Industry Trend Analysis - Weekly Mining & Projects Roundup - OCT 2014
We expect 2013 lows to offer significant support to the Bloomberg World Mining Index over the coming months. Industrial metal prices, notably copper, aluminium and nickel, will weaken over the next six months due to the easing of market tightness and cooling of Chinese economic growth. However, the subsequent drag on mining equities will be limited given the extent of weakness since 2011. Aggressive cost-cutting measures in the mining space will help to improve miners' bottom line and partially insulate them against further share price weakness.

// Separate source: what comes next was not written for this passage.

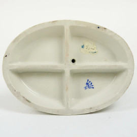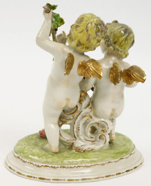 Puttini con grappoli d'uva, gruppo scultoreo in porcellana policroma, cm h 15,5x13, marcato N coronata sotto la base.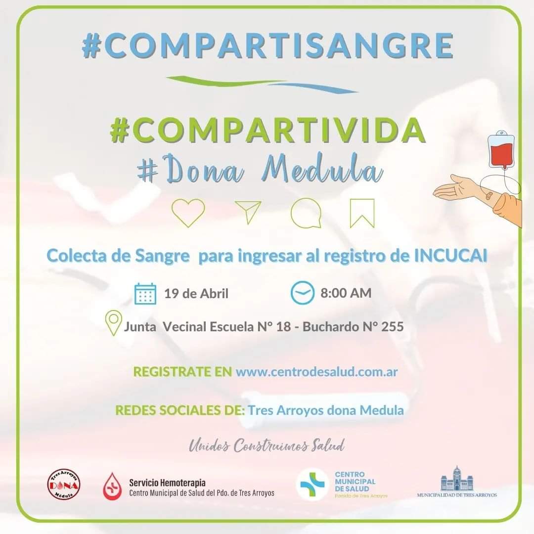 #compartísangre #compartívida #donamedula ❣️Nueva colecta 💻Sumaté. ‼️Vos sos parte del cambio. Te esperamos‼️ @municipalidadtresarroyos @tsasdonamedula #unidosconstruimossalud

We are bearish aluminium equities over a multi-quarter horizon ( see 'Bearish Aluminiu m Producers Relative To Global M iners', September 24). Aluminium equities have rallied relative to other metal producers since Q413 and now look expensive compared to previous years. Crucially, we believe both three-month LME aluminium prices and aluminium premiums will face headwinds in the coming quarters. The aluminium market will remain in structural oversupply as a result of excess production in China and the Gulf Cooperation Council (GCC).

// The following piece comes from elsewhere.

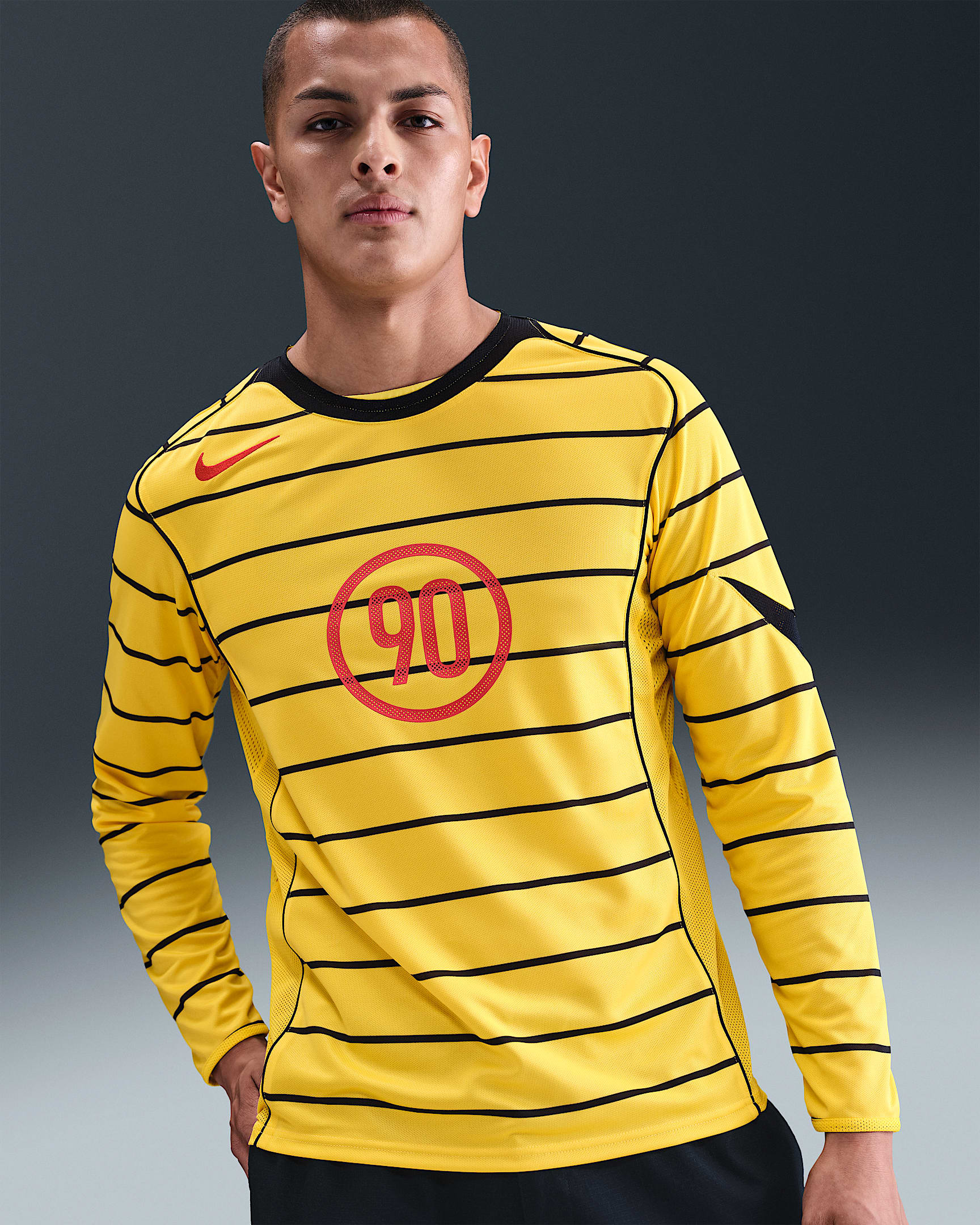 Each shirt is constructed from lightweight, breathable fabric for comfort on and off the pitch, incorporating Nike’s Dri-FIT technology. The familiar circular “90” logo returns across the chest, complemented by the signature Swoosh on the shoulder.

Apart from aluminium producers, the outlook for coal miners is also grim. US coal miners will continue to suffer from sluggish domestic demand and tighter environmental regulations ( see 'Coal: Long-Term Industry Decline Continues', August 15). Elsewhere, in Australia coal miners will remain under pressure from a persistent supply glut in the seaborne market. Profit margins from mining operations will remain subdued over the next two years as thermal coal prices struggle to make substantive gains ( see 'Thermal Coal To Average USD 74/tonne In 2015', August 19). Meanwhile, the consolidation push in China will force more domestic miners, particularly the smaller players, out of business.